Распад. Судьба советского критика: 40—50-е годы — страница 38 из 73

[180].

Вишневский нервничает: все вокруг обсуждают пастернаковский роман, и даже правоверная Барто не отстает и тащится на посиделки.

Через несколько дней они с Пастернаком оказались за одним столом у Федина.

7 мая 1949 года Вишневский записывает в дневнике:

Вчера вечером на ужине у Федина. Было мало народу… Сначала я как-то сидел тихо, молчал, острил, главным образом, Чагин; чудил пьяный Пастернак… Потом пошли тосты, я сказал о Федине… Да тост за меня произнес… Пастернак, признал, что в споре с ним, прав я. — Ели много рыбы, зелени, вина…[181]

Вишневский ни словом не обмолвился, что был за спор. Но какие-то странные легенды по поводу того застолья остались: будто бы в 1952 году обмывали новую дачу Федина (старая сгорела), и Вишневский встал и провозгласил тост за будущее настоящего «советского» поэта Пастернака. А Пастернак будто бы ему матерно ответил. Все это стало известно из дневников А. Гладкова, который в то время находился в лагере, а спустя годы записал со слов Паустовского. Здесь ни один факт не выдерживает критики. Во-первых, дача Федина горела 15 июля 1947 года, т. е. за пять лет до описываемого события, во-вторых, Вишневского в 1952-ом уже год как не было в живых, он умер в самом начале 1951 года[182].

6 октября 1949 года арестовали Ольгу Ивинскую. Случилось это после попыток расставаний и их новых сближений с Пастернаком. В доме Ивинской остались старые родители и маленькие дочь и сын. На годы Пастернак становится для семьи своей возлюбленной моральной и матермальной опорой.

На допросах Ивинскую спрашивали не только об отношениях с Пастернаком и о его клевете на советский строй, но и о «сговоре Ахматовой». Требовали рассказать об их встречах, о чем они говорили. На Ахматову в это время готовилось свое дело в ленинградском МГБ. Связь Пастернака и Ахматовой отстраивали с первого дня постановления о журналах «Звезда» и «Ленинград». И так как он категорически отказался выступить с ее осуждением, а власть рассчитывала на это, поскольку его мнение имело вес на Западе, то его арест для Лубянки был делом времени.

Юбилей Льва Квитко

20 ноября 1948 года распускают Антифашистский комитет. А в ночь с 24 на 25 декабря были арестованы Вениамин Зускин и Ицик Фефер. Зускина арестовали во время процедуры лечебного сна прямо в больнице. Проснулся он на Лубянке в камере, завернутый в одеяло. Когда взяли Фефера, Маркиш сказал: «Этот негодяй один в могилу не уйдет, всех за собой, потащит»[183]. Многие подозревали, что он был завербован МГБ, но никто не представлял, что на нем будет держаться все дело Антифашистского комитета.

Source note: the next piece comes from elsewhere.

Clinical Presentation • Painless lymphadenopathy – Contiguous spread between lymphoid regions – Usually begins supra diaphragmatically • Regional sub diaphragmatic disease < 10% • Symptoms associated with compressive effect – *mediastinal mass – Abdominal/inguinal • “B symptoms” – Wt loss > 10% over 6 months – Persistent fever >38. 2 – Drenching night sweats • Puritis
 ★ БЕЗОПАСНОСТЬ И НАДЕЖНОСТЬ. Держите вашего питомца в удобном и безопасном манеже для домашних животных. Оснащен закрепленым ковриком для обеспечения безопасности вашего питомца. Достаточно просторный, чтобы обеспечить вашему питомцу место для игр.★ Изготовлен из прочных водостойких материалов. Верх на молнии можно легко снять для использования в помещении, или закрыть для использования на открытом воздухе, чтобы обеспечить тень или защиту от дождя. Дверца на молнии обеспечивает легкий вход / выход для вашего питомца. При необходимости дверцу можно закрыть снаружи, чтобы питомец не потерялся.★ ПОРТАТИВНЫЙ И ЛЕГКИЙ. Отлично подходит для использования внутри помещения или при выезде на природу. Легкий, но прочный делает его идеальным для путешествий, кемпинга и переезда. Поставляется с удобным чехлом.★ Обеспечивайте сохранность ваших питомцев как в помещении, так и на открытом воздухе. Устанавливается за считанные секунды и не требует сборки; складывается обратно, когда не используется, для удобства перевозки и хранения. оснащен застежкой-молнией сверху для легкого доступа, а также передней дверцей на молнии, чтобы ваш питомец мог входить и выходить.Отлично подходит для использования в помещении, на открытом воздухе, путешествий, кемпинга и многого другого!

Трагедия Антифашистского комитета подробно описана в целом ряде книг, и мы коснемся только нескольких поворотов этого мрачного сюжета.

Так случилось, что в «Золотой серии» Тарасенков готовил сборник стихов Льва Квитко, не имея никаких нареканий по его выпуску. Однако он чувствовал сильное беспокойство и снова и снова обращался к Фадееву. Можно ли печатать еврейского поэта? Фадеев, по воспоминаниям Марии Иосифовны, отвечал, чтобы тот спокойно печатал сборник — за Квитко он отвечает головой.

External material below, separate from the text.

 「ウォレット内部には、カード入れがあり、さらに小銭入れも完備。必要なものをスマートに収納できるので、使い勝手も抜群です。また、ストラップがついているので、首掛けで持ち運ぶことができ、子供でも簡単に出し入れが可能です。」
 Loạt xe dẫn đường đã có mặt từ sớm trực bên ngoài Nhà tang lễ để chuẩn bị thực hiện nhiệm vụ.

Борис Рунин вспоминал: «Неожиданно Лев Квитко попросил меня быть редактором и составителем его однотомника в "Советском писателе", хотя мы были почти не знакомы. Не знаю, кто ему меня отрекомендовал. Я долго отказывался — идиша не знаю, а тут надо заказывать переводы и сверять с подлинниками, есть много людей, которые владеют языком и сделают это гораздо лучше меня.

Но он настоял на своем. Отказать ему было трудно, просто невозможно, такой он был очаровательный дядька. Потом вышла очень странная история с его фальшивым юбилеем. Вдруг звонит мне Лев Квитко. — Нельзя поторопить выход книги? Хотя бы часть тиража… Был у меня разговор с Фадеевым. Фадеев настаивает — отпраздновать наново и шумно мой пятидесятилетний юбилей, хотя я его уже отмечал в сорок пятом. Это как приказ. Фадеев очень торопит, нервный такой… Надо сделать как он хочет.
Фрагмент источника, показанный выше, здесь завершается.